Traditional Publisher Ebook Pricing Harming Authors' Careers
from the the-industry's-'get-broke-quick'-scheme dept
Allegations of ebook price fixing are still in the air, pending the Department of Justice's investigation. No matter the final decision, publishers will still be free to set ebook prices as high or low as they want to. But if they insist on pricing themselves out of the market, they'll be seeing an increasing number of their authors decide to write their own tickets, as others have done with great success.
Mark Coker, founder of Smashwords, breaks down exactly how traditional publishing houses are shooting their own authors in the foot with pricing "strategies" that run in direct opposition to how people purchase ebooks. With ebooks expected to compose nearly 30% of trade book sales (in total dollars) in 2012, authors may be doing serious damage to their careers by selling their ebooks through traditional publishers.
Coker quotes from his RT Booklovers convention presentation, showing that there are certain "sweet spots" in ebook pricing—ones that show marked sales increases and, sometimes counterintuitively, higher author earnings than others.

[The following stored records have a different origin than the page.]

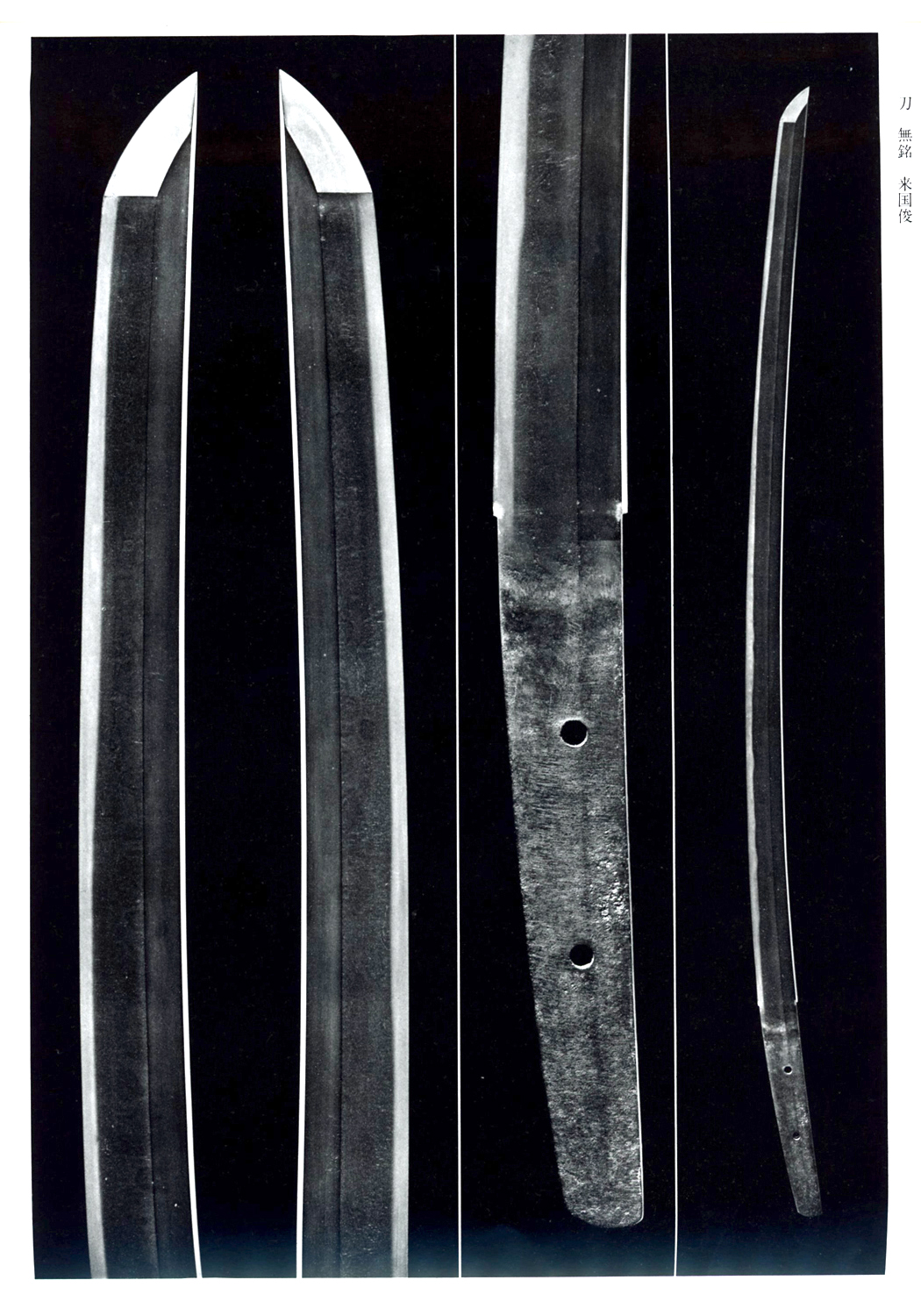 Nakago: ō-suriage, kurijiri, katte-sagari yasurime, two mekugi-ana, mumei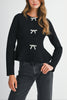 Elevate your everyday style with this elegant knit sweater top featuring sparkling jewel bow details down the front. Designed with a flattering peplum silhouette and long sleeves, this top blends sophistication with a playful twist. Though the bows are non-functional, a discreet snap button at the neckline allows for easy wear and a polished finish.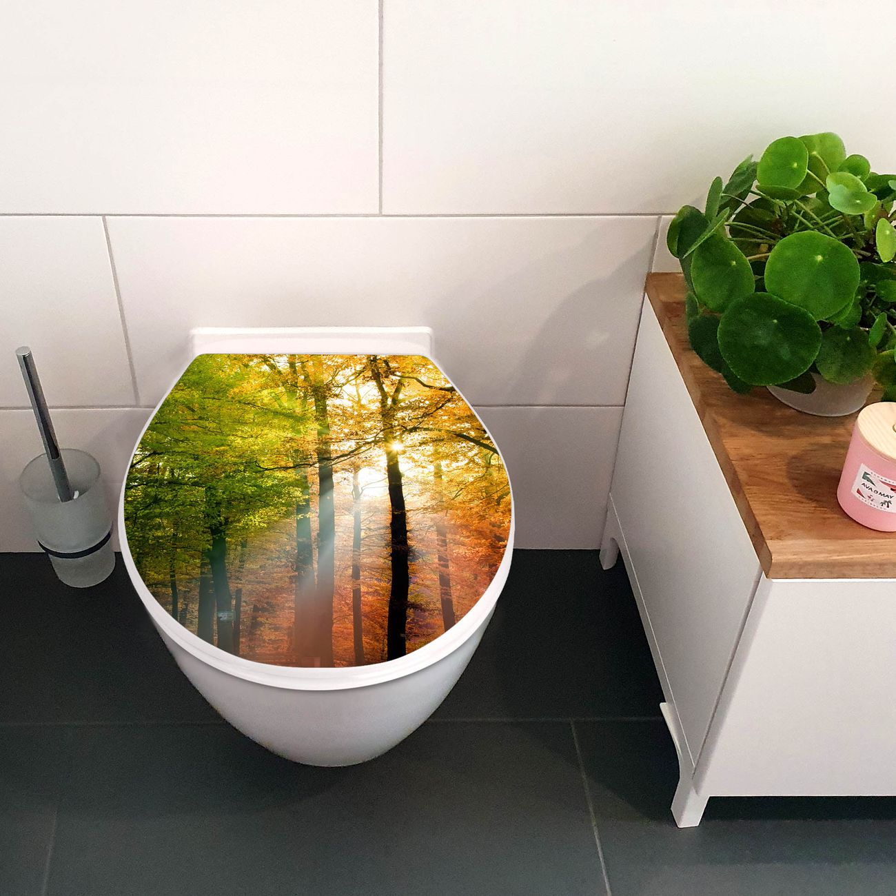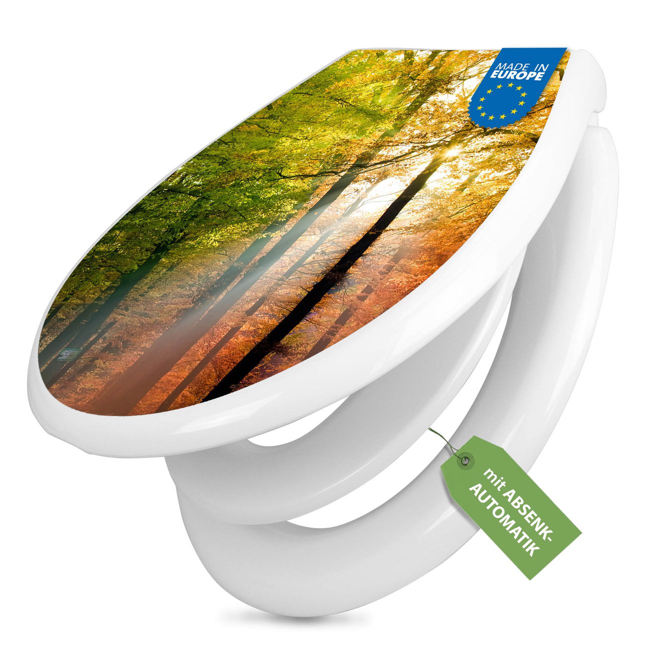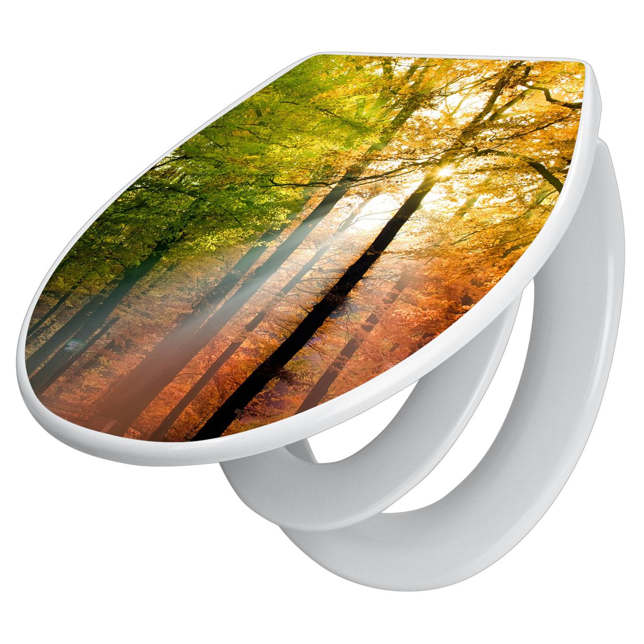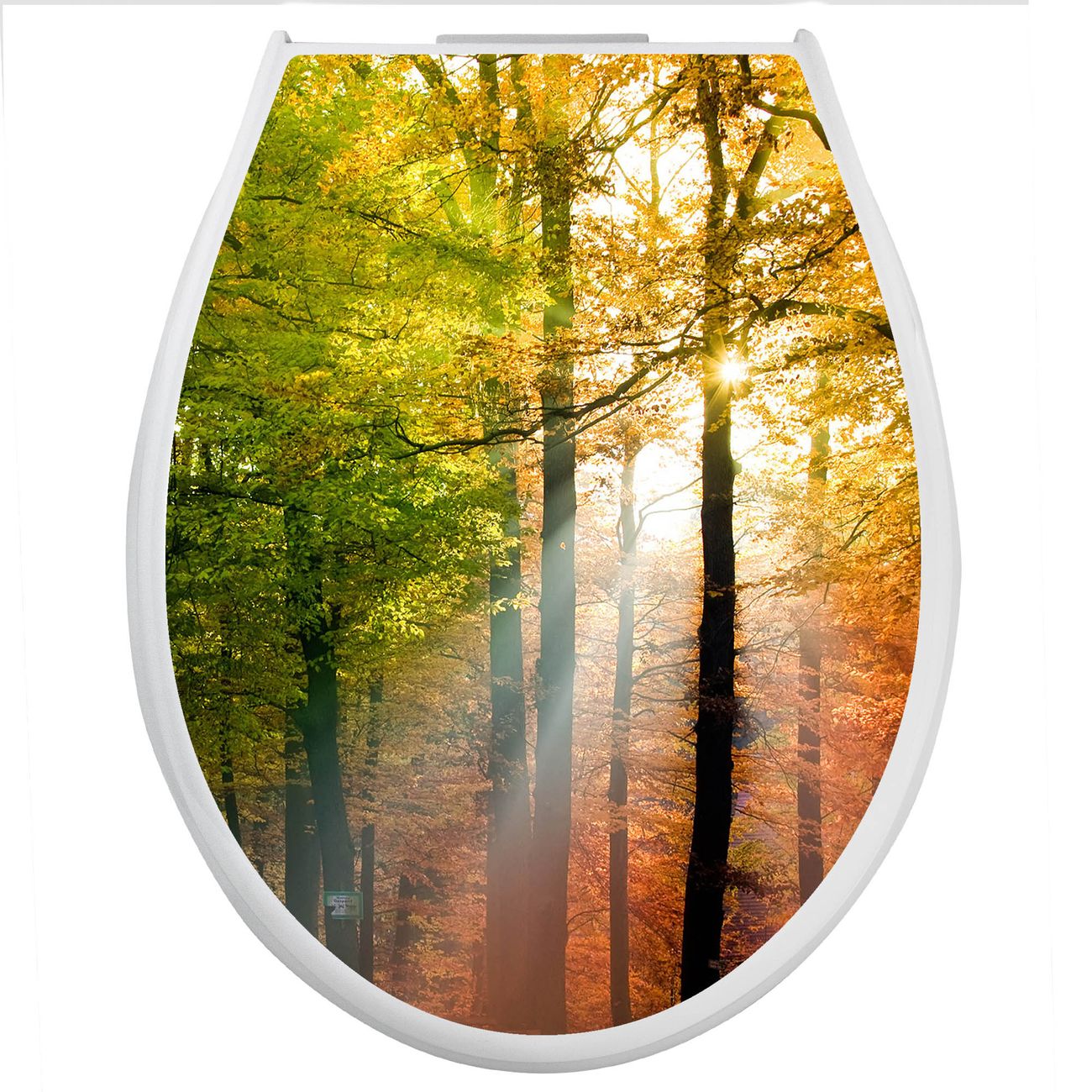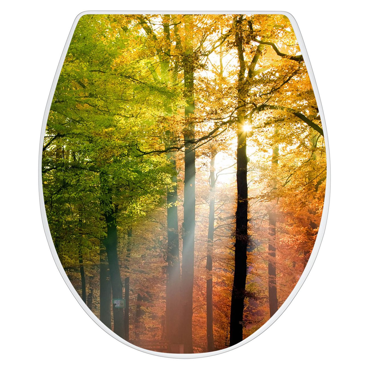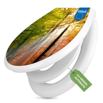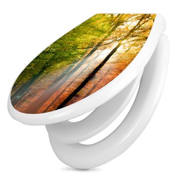 Toilettendeckel weiß mit Absenkautomatik Motiv Herbstwald

One surprise, however, was that we found $2.99 books, on average, netted the authors more earnings (profit per unit, multiplied by units sold) than books priced at $6.99 and above. When we look at the $2.99 price point compared to $9.99, $2.99 earns the author slightly more, yet gains the author about four times as many readers. $2.99 ebooks earned the authors six times as many readers than books priced over $10.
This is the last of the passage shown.